It takes so long to find your way as a painter. I have heard a lifetime. Though I have enjoyed many accomplishments, I feel that I have just now taken my first big step in understanding myself and what I want to paint and how I want to paint it.

I have heard that many judges of juried shows can tell if your work is sincere, and if it is not they will see through you and not select your work. I have no way of telling if this is true or not. But I hope from this time on that they see the sincerity on my work that only I can bring. It is me and no one else.

But what I can say is that one judge told me in a blanket statement in a show that I was part of was this: “ This is very much a Midwest show. It reflects a suburban idea of what art can be. There is no urban imagery and much that celebrates a nostalgic vision of an old-fashioned, rural America.” Thanks Owen Findsen. You are right. And though those words cut me and hurt so much, they where correct. Even the little portion that I was able to digest at that time, and more as time went on.

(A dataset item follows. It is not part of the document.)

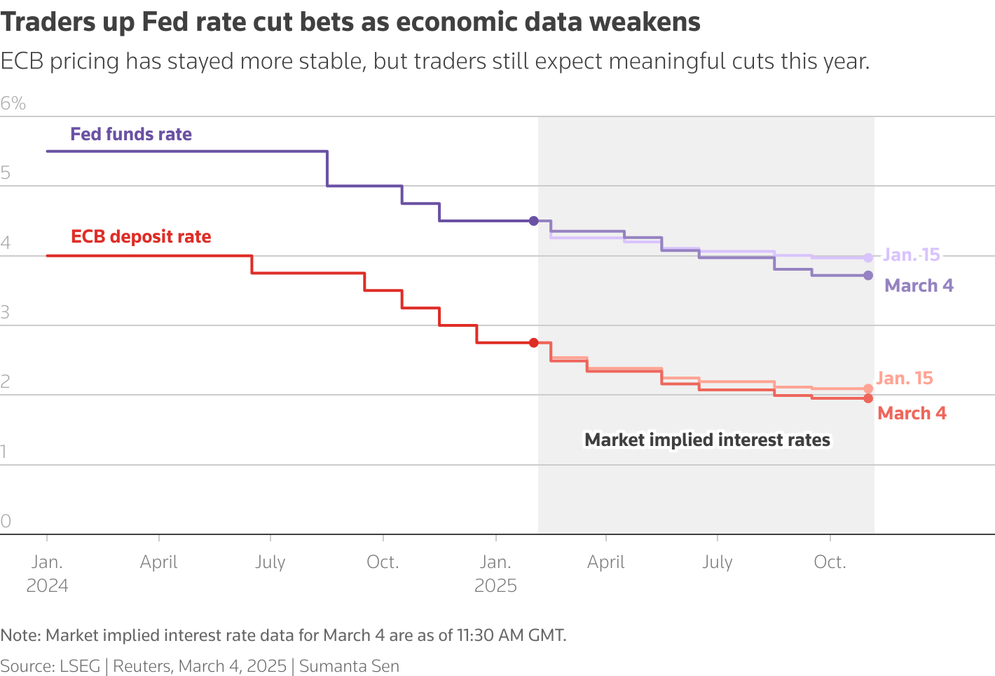 Οι αναλυτές τονίζουν ότι τα πρόσφατα αμερικανικά στοιχεία είναι πιθανό να έχουν στρεβλωθεί από παράγοντες όπως ο κρύος καιρός και οι ισχυρές εισαγωγές στην περίπτωση του μοντέλου της Atlanta Fed. Σημειώνουν όμως επίσης ότι ο εμπορικός πόλεμος σημαίνει ότι η εστίαση μετατοπίζεται γρήγορα από τον πληθωρισμό στους κινδύνους ανάπτυξης από τους δασμούς των ΗΠΑ.
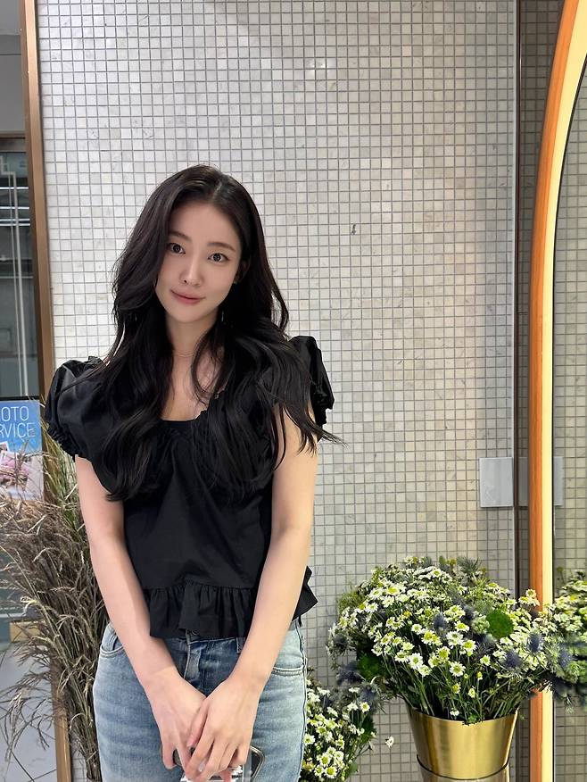 화사한 꽃다발이 놓인 실내 공간에서 송지우가 전한 근황은 모던하면서도 산뜻한 무드를 담고 있다. 작은 타일이 정돈된 배경은 은은한 패턴감을 더해주었고, 여기에 블랙 톤의 블라우스와 연청 데님이 강약을 이루며 전체적인 스타일을 완성했다.

It was the very words I needed to here to help me discover what I was truly always inspired about as an American painter. It was just that, rural America. Like the great painters, though not all rural, I have always enjoyed, Grant Woods, Andrew Wyeth, Hopper and George Wesley Bellows that captured a glimpse of what America was like in these isolated areas of America. This was something that always inspired me since I came from a very rural area, mostly farming was all around me, and my fathers father was a farmer. We where brought up with what I believed where heartland morals that came out of the second World War when people believed strongly in America, the American people and the American way of life under God.

This is what I really wanted to paint as an American Oil Painter. Bringing our attention to good, handwork and physical life. A biscuit you could be smelled baking in the oven, made from scratch using ingredients available close at a farmers market or even better from your own farm. People who had and could show on their faces life, real life, that they themselves had lived.

Like the documentary photographers of the old Time Life magazines that showed us an unseen life some place in America and bringing it back to our attention.

What I was painting before was more of what I thought art should be as being more duplicates from what other painters had shown as their art. What I want to bring now is my perspective. My concerns. My life of who I am, how I was raised and all that inspires me about the gift of life we all share.